Goldman braced for exodus of partners
Friday 20 August 1999
Senior officers have told Wall Street analysts that the securities house is prepared for "a higher than normal" 40 to 45 departures over two years. The normal attrition rate over that period is 30 to 35.
The highest profile recent departure is Jon Corzine, the former senior partner who is quitting to run for the Senate. He was followed by Mark Evans, head of global investment research.
Mr Evans, who was tipped by insiders for a very senior management role, announced last week that he is to leave in November to "pursue entrepreneurial activities in Northern California". However, there had been a rush of announcements at the end of last year of veterans opting to retire.
Analyst Judah Kraushaar at Merrill Lynch said in a report following a recent meeting with top Goldman officials, including David Viniar, the chief financial officer: "Goldman could see moderate employee turnover this year."
He added: "The offset has been that Goldman found it easier to attract new lateral hires now that it can offer stock in compensation packages."

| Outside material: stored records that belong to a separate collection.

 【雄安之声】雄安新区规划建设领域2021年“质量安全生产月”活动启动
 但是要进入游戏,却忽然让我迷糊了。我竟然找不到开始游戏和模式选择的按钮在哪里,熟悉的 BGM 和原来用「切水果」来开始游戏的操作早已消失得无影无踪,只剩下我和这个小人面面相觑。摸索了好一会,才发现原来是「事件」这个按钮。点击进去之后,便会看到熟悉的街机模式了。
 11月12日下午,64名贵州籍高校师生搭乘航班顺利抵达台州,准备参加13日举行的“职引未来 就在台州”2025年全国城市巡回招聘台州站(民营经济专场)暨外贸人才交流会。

Opponents of the plan to take the business public had argued that flotation would destroy the concept of partnership that lay at the heart of the Wall Street firm's success. The prospect of being one of the elect was traditionally a key motivator for middle-ranking staff.

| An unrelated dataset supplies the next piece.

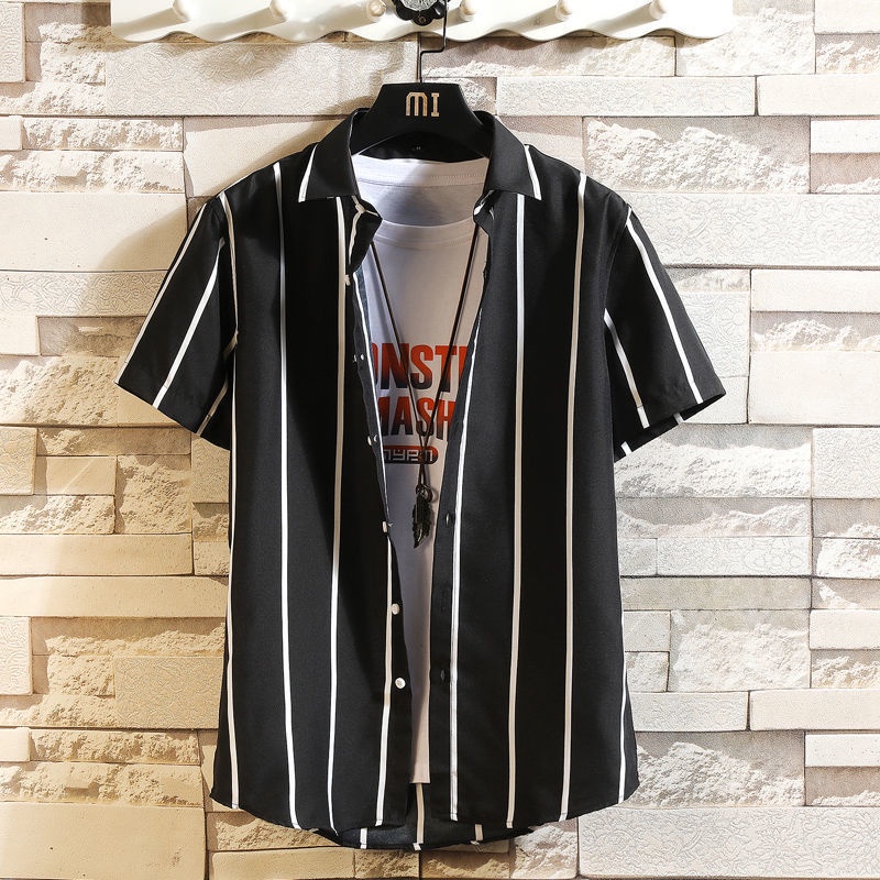 Camisa Masculina Listrada Com Mangas Curtas E Colarinho De Botões Casual Para Verão

Before the partnership was dissolved Goldman had 221 partners. Following the public offering that effectively doubled the size of the senior management pool, the firm now has 540 managing directors.
Senior Goldman bankers argue that while they would like to keep the ethos intact, the fact that they can offer stock means the firm is in a better position to attract talented individuals from other investment banks.

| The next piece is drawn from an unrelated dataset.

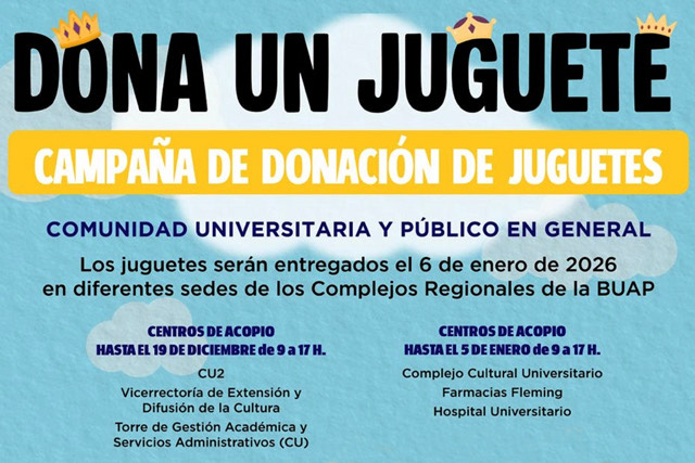 Este año, nuevamente la BUAP convoca a la comunidad universitaria y al público en general a participar en la campaña “Dona un Juguete”, la cual tiene como fin ayudar en su labor a los Reyes Magos y brindar este 6 de enero de 2026 alegría a niños y niñas de municipios y localidades marginadas del estado de Puebla.

They point out that in recent weeks Goldman has succeeded in poaching James Golob, the top-ranking telecoms analyst from Deutsche, and Terry Fitzgerald from Schroders to be head of equity capital markets in New York. However, one said: "We do not know what is going to happen at year end."
Under lock-in rules, partners who have stock worth more than $50m each cannot sell for five years, but there is nothing to stop them borrowing against their holdings.